Healthy eating and excretion habits should be kept as regular as possible before exercise, it is important to ensure that most or all toxins have been eliminated to prevent prolonged reabsorption and negative effects.
This allows the body to rely primarily on the day's nutritional intake to support training and recovery.

===Sports training===
Regardless of whether the training goal is martial application or physical conditioning, one should maintain the habit of exhaling during force exertion and inhaling during recovery or preparation, so that breathing and muscular activity remain as coordinated as possible.

The key to unlock and nurture Neijin is said to be the practice of ‘song’ (Traditional Chinese: 鬆 ).
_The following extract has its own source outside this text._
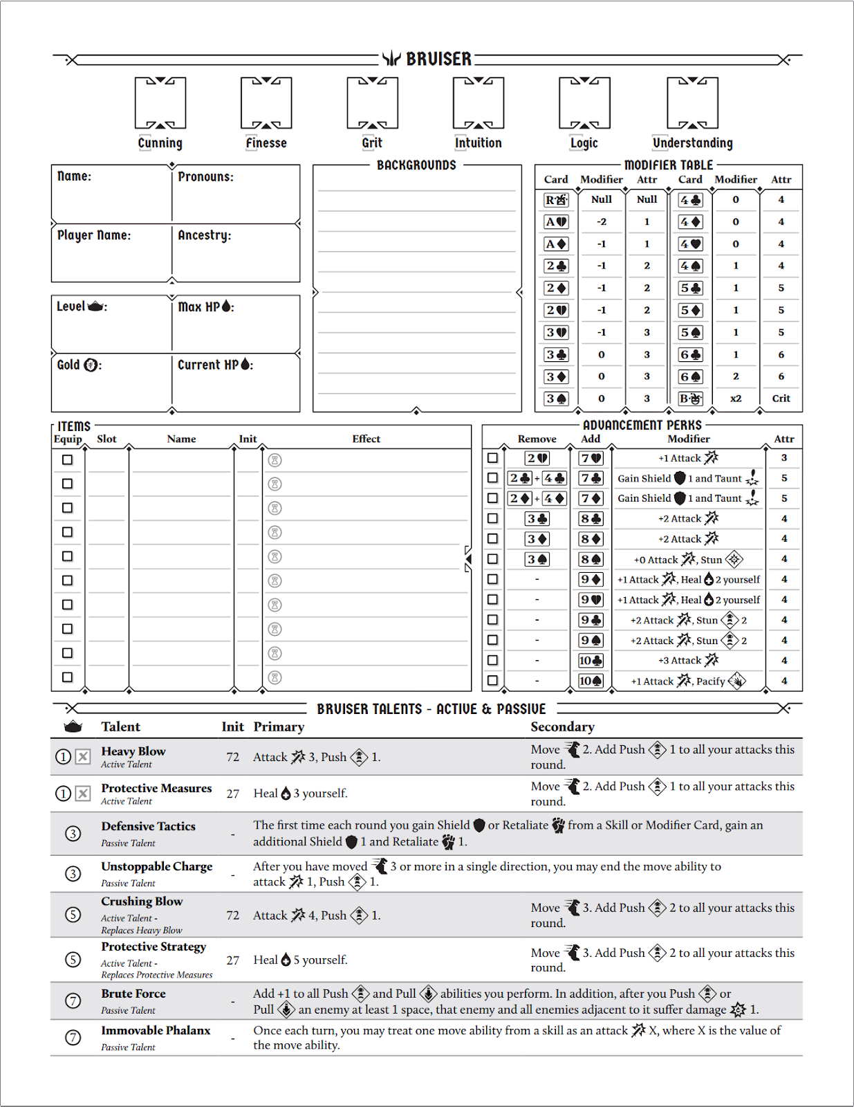 - Every class has a perk list explaining which cards to add or remove to make up the Perk. We’ve already accounted for the additional cognitive load that Perks will present (for example, a 7 of clubs is different for every class), and have created class specific character sheets that include both the base modifier deck mapping and the Perk mapping. As seen below:

The term ‘song’ can function as a verb which means to keep one's mind and body loose resilient and expanding like the consistency of cotton or clouds or relaxed yet concentrated like the sharp alertness of cats immediately before attack. The term can also be used as an adjective which has the same meaning as described above. The greater the extent one can achieve ‘song’ and minimize the use of Li, the greater the release of Neijin force.

Neijin trainees are often reminded to refrain from using the Li force, because the energy of Neijin will be locked and blocked whenever the Li force is applied. So, Neijin and Li are said to be mutually exclusive.

The Taijiquan master Yang Chengfu used the concept of ‘song’ as a benchmark in his daily teaching. It was his daily routine to keep reminding his disciples to ‘song’ thoroughly more than 10 times when he inspected them.